The price: the tougher nature of the next decade of survival in competition with its partner, thoroughly schooled in the trade’s secrets and now acting independently as a new competitor of GM as well as a partner. For GM’s world-wide labour force this spells a further descent down the marble staircase to dubious pensions, employment and wage levels that brings us closer to the levels of our GM’s Chinese hosts.

"GM’s 50-50 joint venture which also makes Chevrolets and Cadillacs is the biggest car-maker in China by volume, bringing GM hundreds of millions of dollars in profit. That’s a rare bright spot for a company that has trouble earning anything in its home North American market. GM is also a minority partner in a successful Shanghai Automotive-led company that makes minivans and cars in southwestern China.

"Still, the question lingers: did GM give away too much? Its Chinese partner could end up competing against GM both in China and abroad. Shanghai, owned by the Shanghai city government, already rivals GM in a joint venture with Volkswagen AG.

"Hu Maoyuan, chairman of Shanghai Automotive, says he wants to ‘build a global Chinese brand.’ His company, he says, ‘will take full advantage of the technical and management experience we’ve accumulated in the GM and Volkswagen joint ventures.’
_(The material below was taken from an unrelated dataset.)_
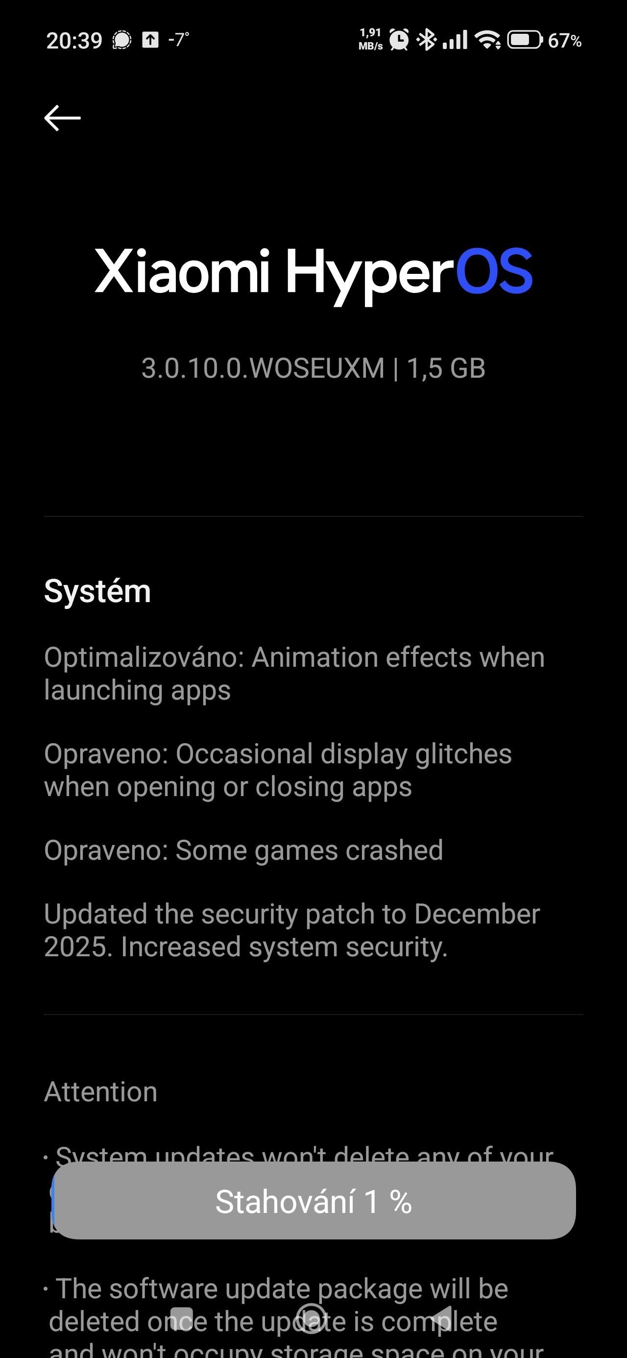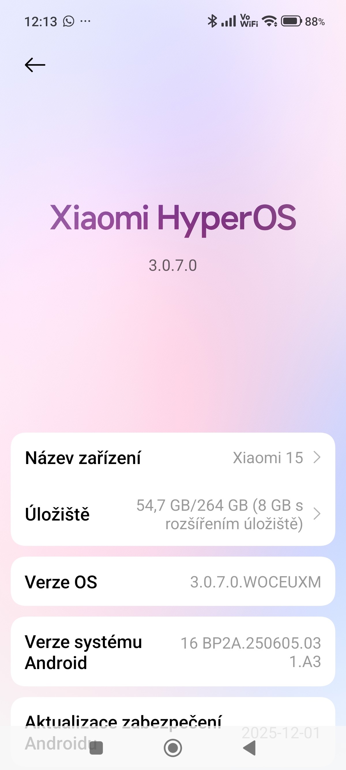 Dobrý den,chybí vám tam v seznamu Xiaomi 15T EU verze. Vyšla 4. Ledna verze 3.0.8.0. WOEEUXM. Ale zatím jsem ji nedostal. Mám telefon od operátora T-Mobile, takže uvidíme kdy dorazí. Akorát mě přijde, že ty aktualizace zabezpečení na tento model vychází snad každé dva týdny. Nejspíš se jedná o aktualizaci zabezpečení na Prosinec. Ale to jen typuju. S pozdravem Martin

"Competition is threatening everyone’s profits. Average vehicle prices in China have been falling by about 7% annually in recent years. GM’s profits from China operations in the final quarter of 2006 fell nearly 19%.

"The Roewe that Mr. Li plans to buy is no knock-off. Shanghai Automotive based it on plans acquired from the now defunct MG Rover Group Ltd. The project included British veterans of Rover along with Chinese engineers. The sedan’s list price, about $30 to $36 thousand depending on options, is up to $7,000 less than that of the Buick LaCrosse made by the joint venture.

"Shanghai Automotive started production of the Roewe 750 four months ago at a factory in Jiangsu Province near Shanghai. It plans to introduce a new model every year for the next five years, building a range of cars from subcompacts to SUVs."

That will guarantee that there will be less and less space for the Chinese-American joint venture, especially for guarantees of continued success. Future plants are likely to move from the Shanghai area to cheaper outlying regions of the country. That, however, will tend to ease the population pressures on Chinese society, unlike the globalized outsourcing of US and European industry.

That carries to a higher power the geopolitical advantage of the Chinese economy over that of the West not to be ignored in forecasting what the future holds in store.

Chinese Automakers — Wily Partners or Rivals?

"China’s car market grew 35% last year, making it the fastest growing in the world in major countries. By 2010, the country may surpass the US to become the world’s No. 1 market for cars and trucks.

"Other global car makers, banking on growth in China, are also seeing their local partners turn into potential rivals. Meanwhile, foreign companies are hampered by a Chinese law that says they must have local partners if they want to produce for the domestic market, and they can’t own more than half of a joint venture."

Contrast this keen grasp of Western capitalism’s weakness in its brainlessly shortsighted outsourcing largely for continued growth of speculative finance.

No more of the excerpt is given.